La canne est noueuse comme notre sureau; chaque nœud forme une bouture; on le couche en terre; on le couvre; il rapporte la première fois au bout de dix-huit mois, la seconde au bout de quinze, et successivement au bout d'un an. Les moulins tournent ou par l'eau ou par les bœufs. Deux cylindres de fer, bien ronds et polis, tournent perpendiculairement autour d'un troisième qui est immobile; le tout est tenu par une forte maçonnerie et par des crampons de fer: entre les pivots passent les cannes dont le jus se rend dans l'égout du passoir qui communique aux fourneaux contigus, sous lesquels est un feu qui les échauffe par degrés. On l'active avec le chanvre des cannes, appelé bagasse. Le jus qui coule du pressoir, est gris et d'un doux fade: il purge quand on en boit à l'excès; on le mélange avec celui qui tiédit dans le second bassin, et il prend le nom de vezou. Après qu'il a bien bouilli, on l'écume, on le passe dans un vase fait comme un pot à bouquets, pointu et troué à sa plus mince extrémité; ce sirop fige; on suspend le pot sur une claie; on le bouche avec une canelle de bois mastiquée de vase. Quand il est froid, on ôte la canelle; il en sort un sirop qu'on fait recuire pour le mettre dans des canots avec de l'eau; il y fermente pendant huit ou dix jours: le tout passe ensuite à l'alambic qui donne le tafia. Le gros sirop sert encore à faire la mélasse, qu'on peut appeler crasse de sucre; il est purgatif, moins agréable que l'autre, et beaucoup plus utile en médecine. L'Amérique septentrionale produit aussi un grand arbre semblable à notre érable, dont on obtient le sucre par des incisions; son travail est beaucoup moins dispendieux que celui de la canne. Sa sève coule deux fois par an, et donne un sucre blanc agréable, mais moins corporé que celui de la canne. On dit que nous avons obtenu aussi le sucre de la betterave, mais par des procédés dispendieux.

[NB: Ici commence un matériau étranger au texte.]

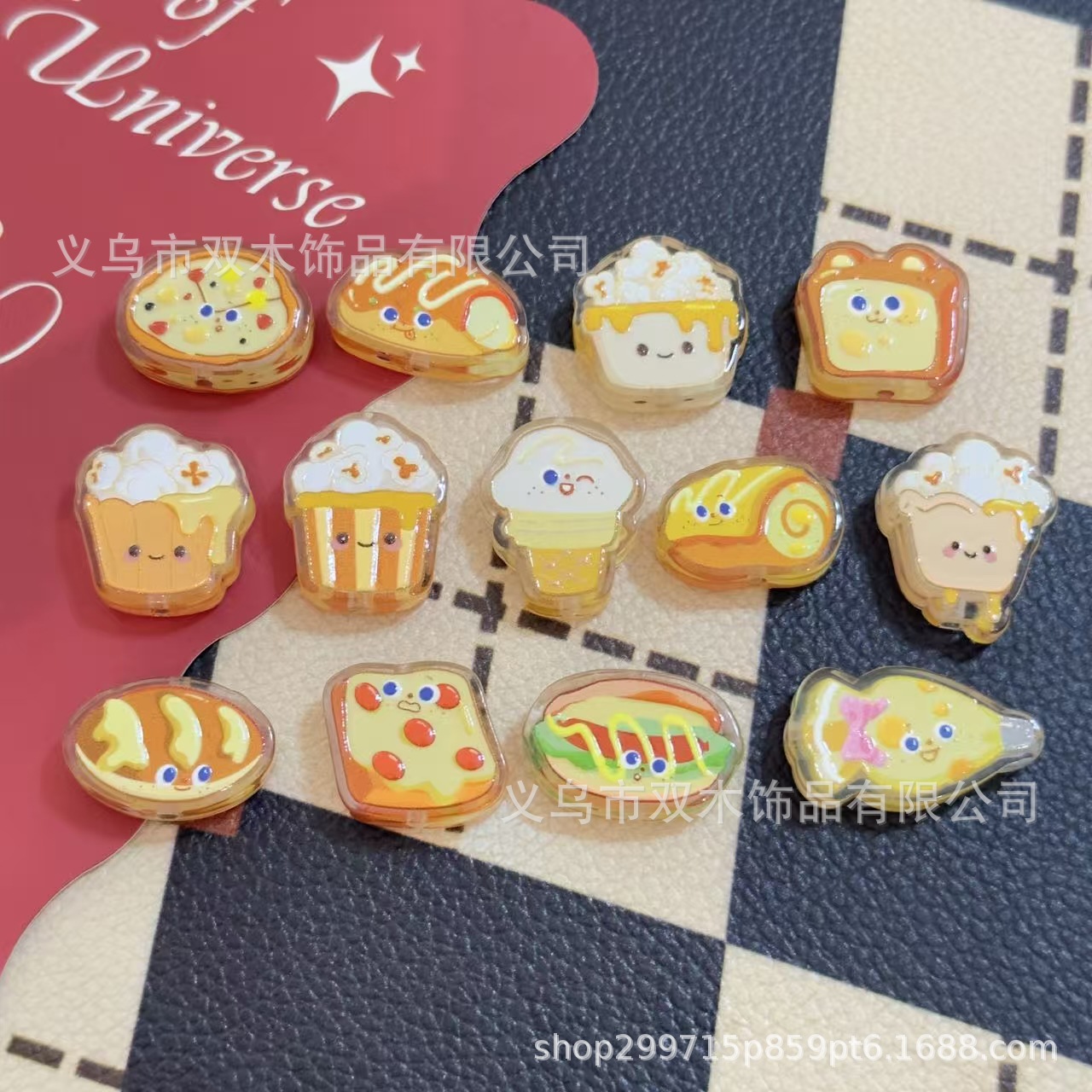 黄色系印花浮雕热狗面包甜点板材串珠 diy手链手机链包挂车挂配件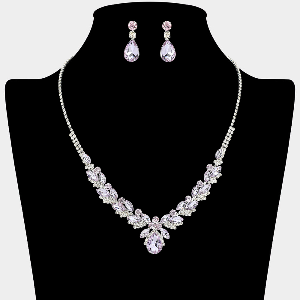 • This elegant statement necklace and matching earring set features layered teardrop accents that create a dramatic yet refined silhouette. Designed to highlight the neckline with graceful sparkle, it is ideal for formal occasions, bridal styling, evening events, and upscale boutique collections.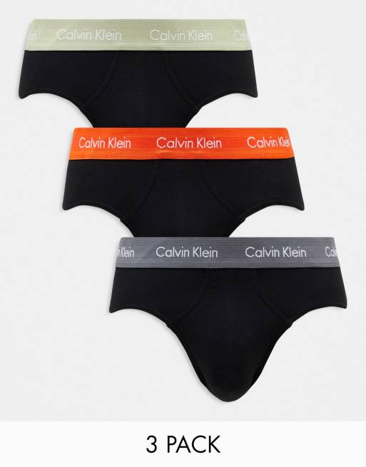Calvin Klein - Set van 3 onderbroeken van stretchkatoen in zwart met gekleurde taillebanden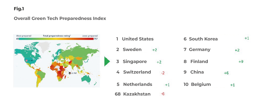 According to the UN Conference on Trade and Development (UNCTAD), the countries most prepared for the green transition are the United States, Sweden, Singapore, Switzerland and the Netherlands. Kazakhstan, by comparison, ranks 68th in terms of readiness to adopt, adapt and deploy green technologies.

L'habitation Préfontaine est nationale, et régie par le juge de paix du canton. Les propriétaires, MM. d'Aigrepont, sont censés émigrés pour avoir pris la fuite quelques mois avant la liberté des noirs, pour sauver leur vie. Je retourne à la case sans emporter de tafia.

10 août. J'accompagne un de nos chasseurs dans le bois et sur les bords de la mer; je ne puis pénétrer dans ces forêts; des ronces, des lianes, grosses comme les jambes, m'entrelacent; des arbres touffus et serrés ne laissent pas percer la lumière. Je cherche des fruits; et comme le poison est à côté de l'orange, je sais déjà que mes dégustateurs et mes guides sont les oiseaux et les singes. Quand je vois un arbre chargé de fruits, je n'y touche point s'ils n'en mangent eux-mêmes. Des bandes de sapajous se balancent dans les mont-bins, pour chercher des prunes semblables à la mirabelle, et sur l'acajou pour savourer son fruit jaune et rouge, aigrelet en forme de cône tronqué à angles obtus, dont la graine faite comme une virgule, naît avant le fruit, et pend à la base du cône suspendu par la pointe. Ces pommes mousseuses et d'un bon goût aigrelet, aiguisent mon appétit; leur jus est corrosif; j'emporte leur graine enveloppée d'un parchemin; mes voisines en sont friandes; elle brûle les lèvres quand elle est crue; rôtie, elle vaut nos amandes et sert à faire du chocolat. Une grosse corde noire, que je prends pour une liane, m'arrête au milieu de la vendange; je l'agite pour passer; un énorme animal noir, velu, s'élance à grand bruit du haut de sa guérite, le long de ce tramail..... C'est une araignée-crabe; j'ai beaucoup de peine à rompre son pêne; ce monstre avec ses horribles accessoires, me paroît plus gros que ma tête; nous nous sommes fait peur l'un à l'autre; il regagne son gîte, et je crie à mon camarade. Nous visitons les alentours de son vaste épervier; il enveloppe trois gros arbres, et les petits cables sont artistement passés dans les branches, pour arrêter les oiseaux ou les agratiches qui s'approchent de ce redoutable labyrinthe.—Nous songeâmes à la tarentule, et à ce monstre logé dans le cachot de mort d'un château antique, qui étouffoit toutes les victimes que le gibet attendoit le lendemain. Un condamné enfermé dans le même lieu, obtint sa grâce et des armes pour lutter contre le meurtrier. Sur les minuit, une énorme bête descend d'une antique cheminée; elle le saisit; il se défend, la frappe; on accourt; c'étoit une araignée qui suçoit le sang des patiens, et les plongeoit dans un sommeil homicide.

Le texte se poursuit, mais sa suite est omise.